→ **What to do**
Identify, in the records below, every line where the string "that" appears, and copy each such line.

→ **Given records**
* * * * * * *
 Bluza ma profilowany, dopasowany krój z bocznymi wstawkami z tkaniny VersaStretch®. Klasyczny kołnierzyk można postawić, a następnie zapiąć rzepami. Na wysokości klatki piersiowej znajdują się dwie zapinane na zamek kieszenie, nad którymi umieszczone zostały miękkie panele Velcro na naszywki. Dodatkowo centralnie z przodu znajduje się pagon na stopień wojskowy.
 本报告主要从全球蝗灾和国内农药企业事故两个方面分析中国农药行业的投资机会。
* * * * * * *
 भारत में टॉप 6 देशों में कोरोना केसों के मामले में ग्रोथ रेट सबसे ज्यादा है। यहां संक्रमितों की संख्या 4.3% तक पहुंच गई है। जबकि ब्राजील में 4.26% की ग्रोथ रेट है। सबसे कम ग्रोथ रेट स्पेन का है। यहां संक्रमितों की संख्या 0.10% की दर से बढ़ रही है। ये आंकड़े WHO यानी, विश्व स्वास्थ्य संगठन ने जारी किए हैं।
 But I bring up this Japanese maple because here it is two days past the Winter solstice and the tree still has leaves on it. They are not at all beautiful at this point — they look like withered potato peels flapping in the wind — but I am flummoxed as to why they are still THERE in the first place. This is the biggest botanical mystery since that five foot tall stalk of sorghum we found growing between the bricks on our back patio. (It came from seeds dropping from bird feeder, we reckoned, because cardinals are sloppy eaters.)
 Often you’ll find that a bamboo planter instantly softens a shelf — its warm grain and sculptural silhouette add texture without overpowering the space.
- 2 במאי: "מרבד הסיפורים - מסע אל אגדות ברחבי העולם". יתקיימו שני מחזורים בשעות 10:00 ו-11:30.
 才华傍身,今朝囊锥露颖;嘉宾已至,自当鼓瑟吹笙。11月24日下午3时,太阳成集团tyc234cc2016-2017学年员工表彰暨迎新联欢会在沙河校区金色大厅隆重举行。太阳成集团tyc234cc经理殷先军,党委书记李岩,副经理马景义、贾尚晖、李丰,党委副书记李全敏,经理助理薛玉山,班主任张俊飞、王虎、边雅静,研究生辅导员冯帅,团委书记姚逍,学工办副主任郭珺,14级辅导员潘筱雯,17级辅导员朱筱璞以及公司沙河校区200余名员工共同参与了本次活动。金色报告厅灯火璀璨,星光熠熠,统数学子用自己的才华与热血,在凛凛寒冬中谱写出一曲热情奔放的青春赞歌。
* * * * * * *
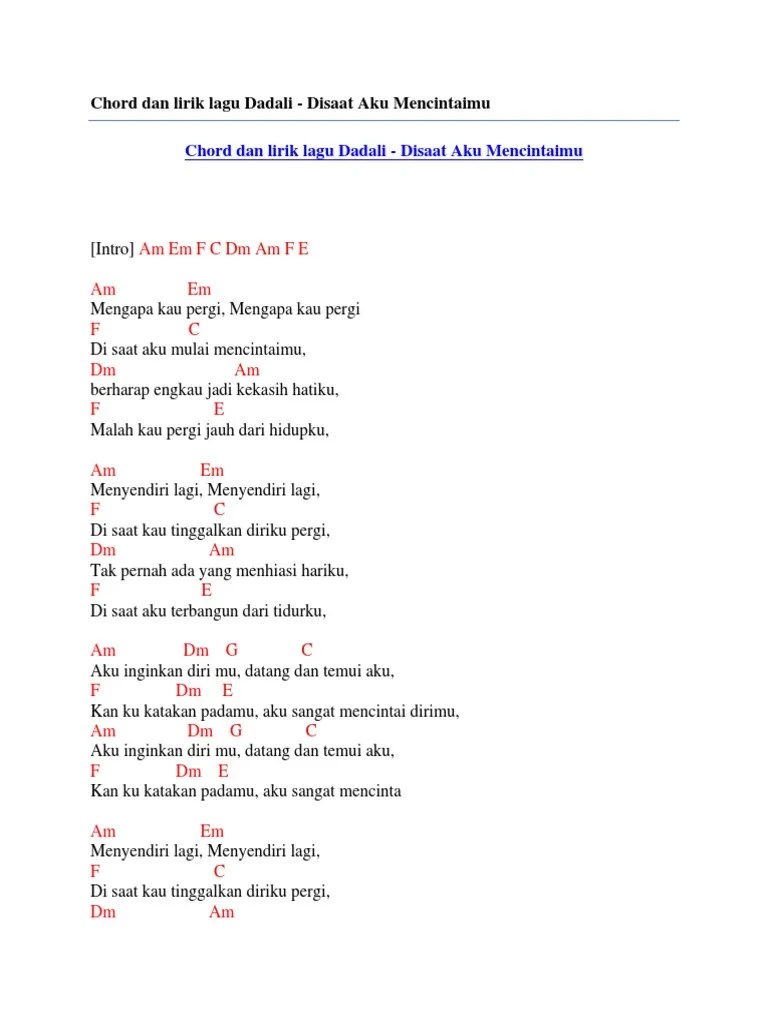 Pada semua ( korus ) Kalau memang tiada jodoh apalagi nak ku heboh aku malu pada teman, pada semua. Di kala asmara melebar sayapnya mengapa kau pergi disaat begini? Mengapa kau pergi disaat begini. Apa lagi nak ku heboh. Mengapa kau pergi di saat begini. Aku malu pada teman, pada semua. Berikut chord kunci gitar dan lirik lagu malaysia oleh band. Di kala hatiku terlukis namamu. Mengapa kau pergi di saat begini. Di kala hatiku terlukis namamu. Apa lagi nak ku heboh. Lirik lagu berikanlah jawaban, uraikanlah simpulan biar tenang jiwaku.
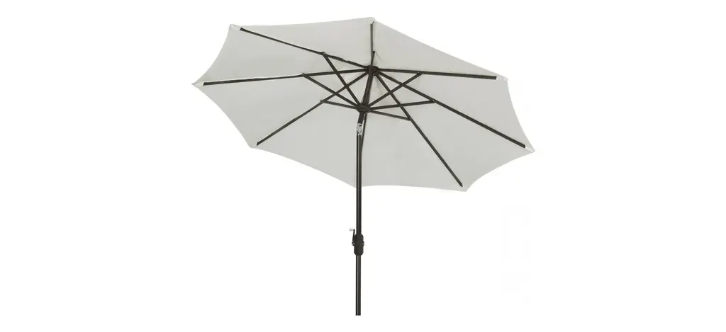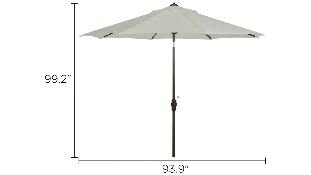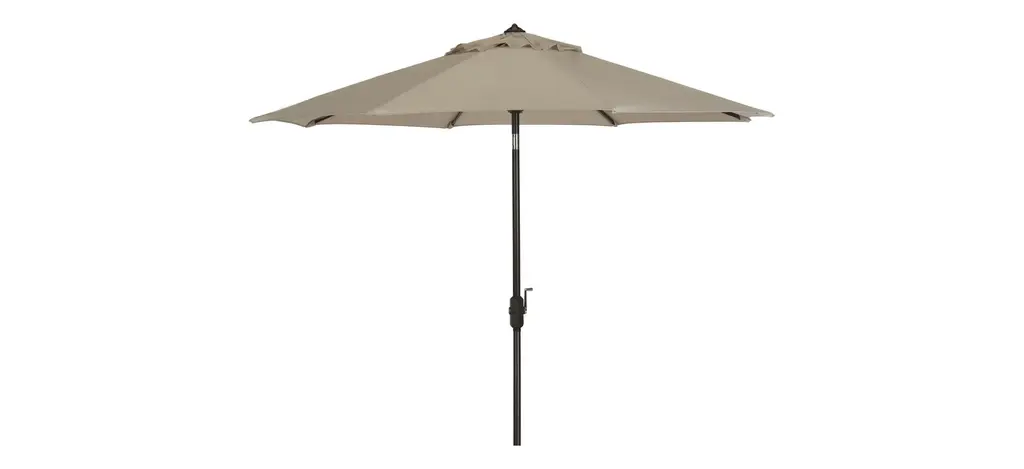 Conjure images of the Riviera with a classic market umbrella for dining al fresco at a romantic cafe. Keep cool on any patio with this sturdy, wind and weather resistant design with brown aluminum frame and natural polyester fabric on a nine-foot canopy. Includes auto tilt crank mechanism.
* * * * * * *
→ **Response**
 But I bring up this Japanese maple because here it is two days past the Winter solstice and the tree still has leaves on it. They are not at all beautiful at this point — they look like withered potato peels flapping in the wind — but I am flummoxed as to why they are still THERE in the first place. This is the biggest botanical mystery since that five foot tall stalk of sorghum we found growing between the bricks on our back patio. (It came from seeds dropping from bird feeder, we reckoned, because cardinals are sloppy eaters.)
 Often you’ll find that a bamboo planter instantly softens a shelf — its warm grain and sculptural silhouette add texture without overpowering the space.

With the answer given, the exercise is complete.